The Blue Jays will continue to develop him as a starter for as long as possible, no doubt. But if the day comes when the organization believes he’s better suited for a relief role, it’s not hard to envision his velocity and strike-throwing transitioning well to the bullpen. Multi-inning relievers are certainly in vogue across baseball, whether pitching behind an opener or eating middle innings. And if Merryweather returns with the same stuff he featured prior to surgery, he could also be useful in late-inning, high-leverage spots.

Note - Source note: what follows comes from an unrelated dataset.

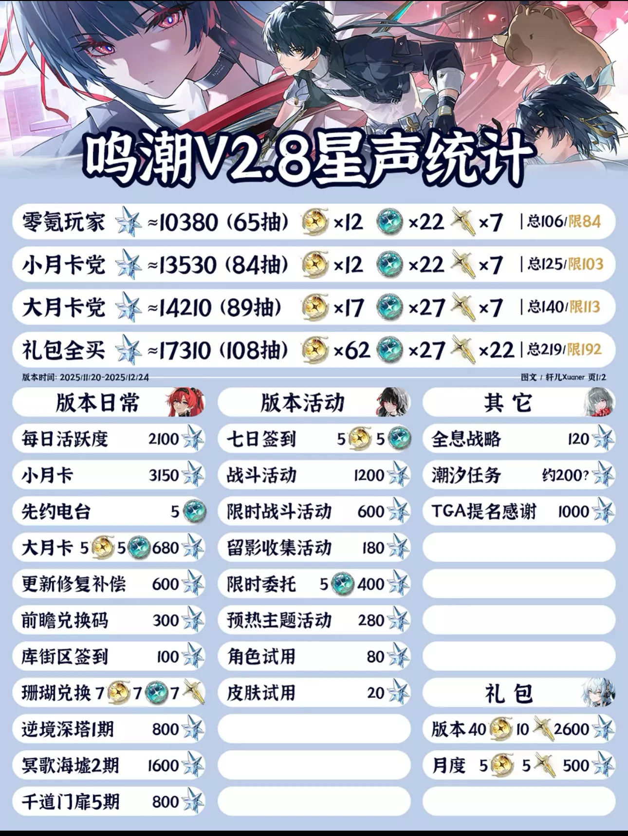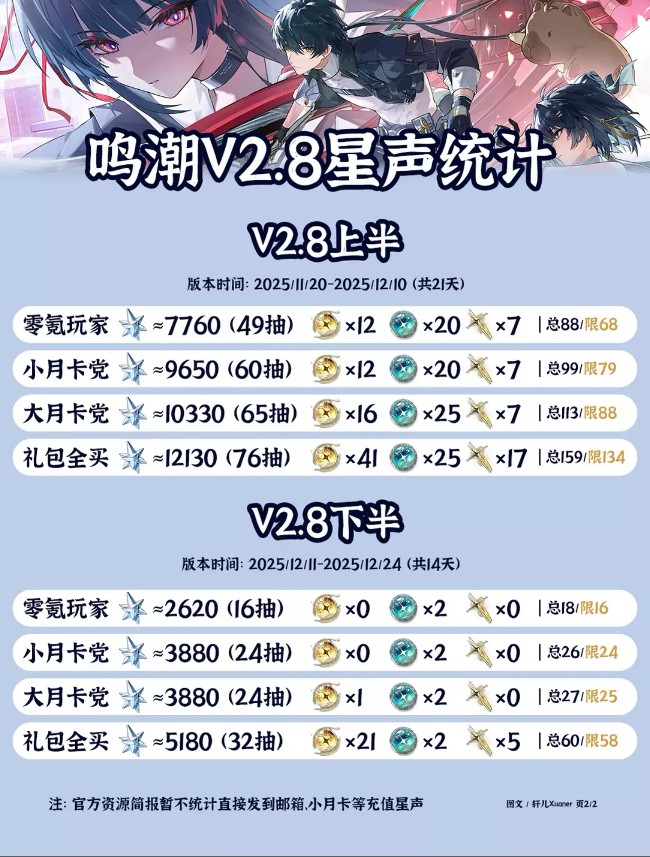 鸣潮V2.8版本的星声统计来啦,TGA提名发放1000星声!!恭喜鸣潮!这次轩儿Xuaner根据大家的反馈继续优化了新模板,总抽数分为包含蓝球和不包含蓝球两个版本,各位漂泊者各取所需~上下半各自星声统计请查看第二页~ ------------------------------ ① 2.8版本共有两位新共鸣者上线,分别是千咲(五星湮灭长刃)和卜灵(四星导电音感仪),菲比(衍射音感仪)、弗洛洛(湮灭音感仪)和坎特蕾拉(湮灭音感仪)也会复刻,大家根据各自卡池合理分配资源和抽卡。 ② 千咲目前主要就业在卡夏队,替代气动主,预计后续异常效应队会有就业,如果玩卡提或是喜欢JK可以抽。菲比主要是赞妮刚需,玩赞非需要补。弗洛洛和坎特蕾拉是固定搭档,根据自己的卡池补充或者一起抽一个新队,0+1弗洛洛和0+0坎特蕾拉起步。 ③ 当前星声是根据已公布信息推测整理,请以实际上线后数量为准~ #鸣潮 #鸣潮攻略 #鸣潮创作激励 #鸣潮千咲 #鸣潮卜灵 #鸣潮奔往琥珀之都 #鸣潮星声 #踏上鸣日的征程

Time will tell. For now, Merryweather’s merely working to get back on a mound, while assimilating himself to a new environment. At this time last year, he’d just finished fighting his way up the minor-league ladder to the cusp of the majors. A great deal of adversity later, he’s ready to pick up where he left off.
“I think all those experiences helped me a lot. I figured out a lot about myself,” he says. “Once I’m healthy and ready to pitch, it’s just about earning my opportunities from that point. I really want to earn my spot, no matter what the situation is. Wherever I land, I’ll just let my game speak for itself.”